*Given material*.
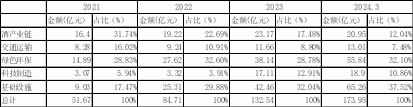 具体来看,2021年茅台租赁的投放行业中,酒产业链占比31.74%,绿色环保占比28.83%,基础设施占比17.47%。但到2024年一季度,酒产业链投放占比降至12.04%,绿色环保虽略有上升至32.10%,但基础设施领域的投放占比却大幅上升至37.52%,增加幅度达到20%。
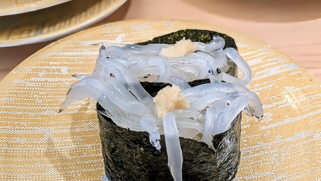 ジョイナス横浜店とは随分違います。職人さんが握って、ワサビも入ってて、寿司が廻ってる。コロナ以降で廻っている寿司屋は初めてです。何か良いですね。
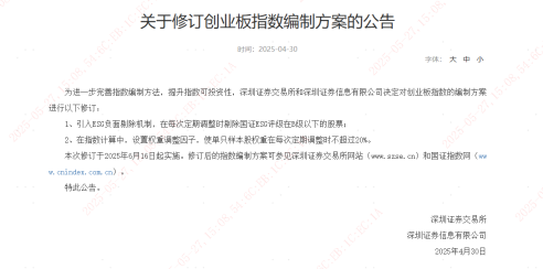 2025年4月30日,深圳证券交易所和深圳证券信息有限公司发布了“修订创业板指数编制方案”的公告,本次修订于2025年6月16日起实施。作为反映创业板表现的核心指数,此次修订有助于进一步提升指数的表征作用和可投资性。让我们一起来看下本次编制方案修订在哪些地方做了优化?

*Problem to solve*. Leaving the pictures out, set down all of the data again exactly.

*Reply to the task*.
 具体来看,2021年茅台租赁的投放行业中,酒产业链占比31.74%,绿色环保占比28.83%,基础设施占比17.47%。但到2024年一季度,酒产业链投放占比降至12.04%,绿色环保虽略有上升至32.10%,但基础设施领域的投放占比却大幅上升至37.52%,增加幅度达到20%。
 ジョイナス横浜店とは随分違います。職人さんが握って、ワサビも入ってて、寿司が廻ってる。コロナ以降で廻っている寿司屋は初めてです。何か良いですね。
 2025年4月30日,深圳证券交易所和深圳证券信息有限公司发布了“修订创业板指数编制方案”的公告,本次修订于2025年6月16日起实施。作为反映创业板表现的核心指数,此次修订有助于进一步提升指数的表征作用和可投资性。让我们一起来看下本次编制方案修订在哪些地方做了优化?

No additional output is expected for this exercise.